C’est dans cet esprit que la population de Crimée – majoritairement russophone – s’insurge contre le gouvernement provincial et entreprend un coup de force qui conduira à un référendum sur l’indépendance de la province et son rattachement à la Russie.  Le mouvement populaire de Crimée est rapidement suivi par les communautés russophones de l’est de l’Ukraine, dans les régions de Lugansk et de Donetsk. Alors que le gouvernement ukrainien s’était montré relativement passif en Crimée, la volonté de sécession à l’est du pays déclenche une réaction vive qui tourne au combat.
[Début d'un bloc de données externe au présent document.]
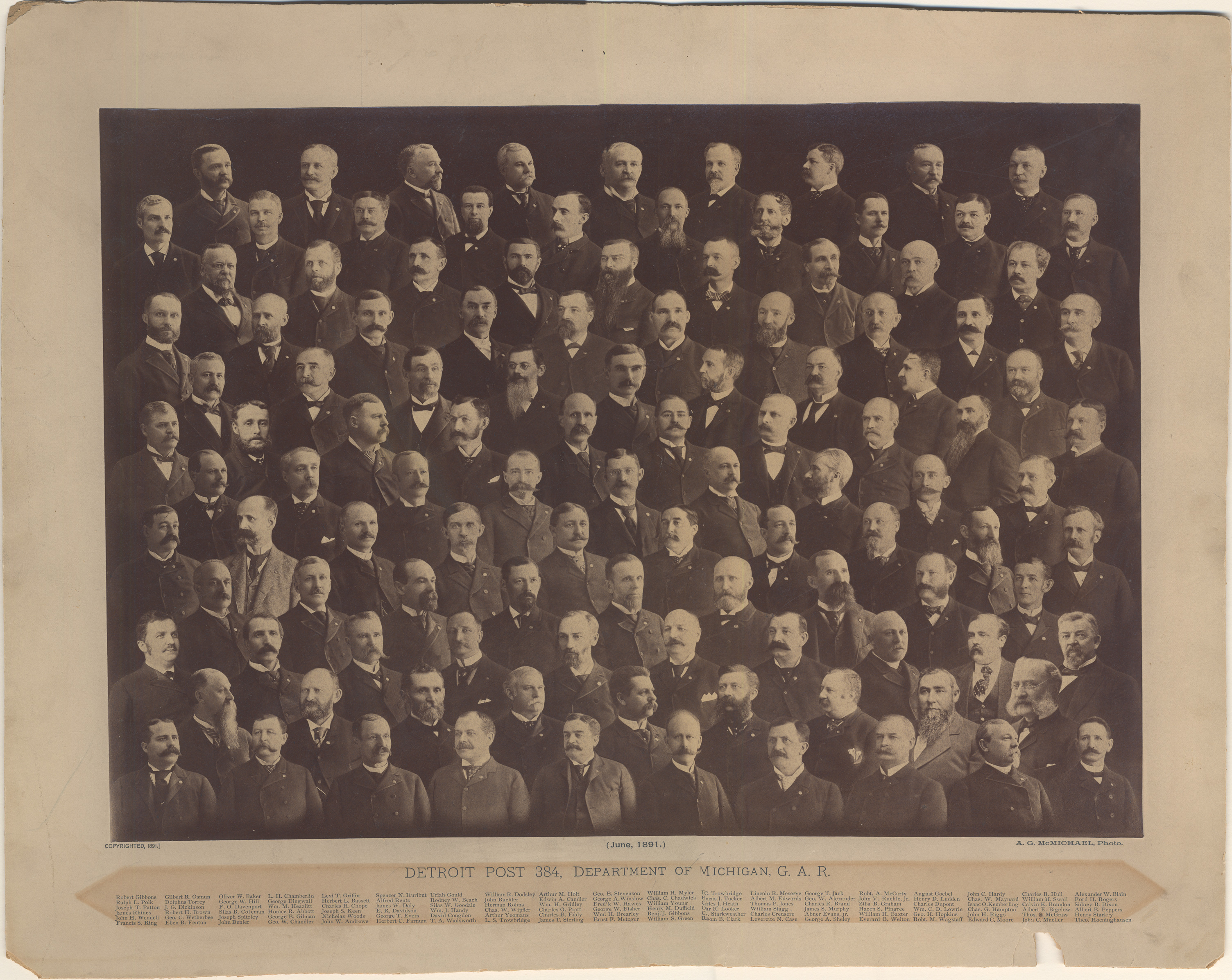 Individual portraits of members of the Grand Army of the Republic, arranged to resemble a group portrait. Printed on front: "Detroit Post 384, Department of Michigan, G.A.R., June, 1891, A. G. McMichael, photo." Printed on front is list of individuals in photograph. Photograph is torn and repaired with tape.

Ukraine - russian perception
Ukraine – russian perception

Le rôle de la Russie dans ce conflit est entaché par une propagande occidentale virulente et fortement alimentée par un discours alarmiste venant des Etats-Unis et des pays baltes. En réalité, la Russie est au premier rang des pays intéressés en raison de plusieurs années d’importation de gaz impayé par l’Ukraine. Toutefois, en dépit de l’attachement de l’ex-président Ianoukovytch pour la Russie, cette dernière n’est pas favorable à ce régime corrompu qui rechigne à régler ses impayés. Ainsi, la Russie n’intervient-elle pas dans le changement de régime qui s’opère, même si elle considère le nouveau régime comme le résultat d’un coup de force et non d’un changement démocratique. Le président Ianoukovytch, qui trouve refuge en Russie n’est pas restauré dans ses fonctions par la Russie, qui ne le considère plus comme le représentant de l’Ukraine. En outre, l’orientation très fortement nationaliste du nouveau régime suscite l’inquiétude de Moscou.

La Crimée

La Russie et l’Ukraine ont un accord de coopération militaire, qui couvre notamment la présence russe en Crimée et l’usage d’installations permanent dans cette partie de l’Ukraine. Les accords alors en vigueur autorisaient la présence russe jusqu’en 2017, tandis qu’un accord de 2010 prolonge cette autorisation jusqu’en 2042.  Lors des événements en Crimée, et conformément à ces accords, les troupes russes se sont déployées autour de leurs installations militaires afin d’en assurer la sécurité. Aucun indice concret  n’indique que la Russie ait envoyé des troupes au-delà des 27’000 hommes autorisés par l’accord bilatéral avec l’Ukraine et aucune information sérieuse ne permet de penser que les troupes russes ont participé à des prises de contrôle des bâtiments ou institutions ukrainiennes en Crimée. Les affirmations de Poutine lors de son interview du 4 mars 2014 sont en cohérence avec les observations faites.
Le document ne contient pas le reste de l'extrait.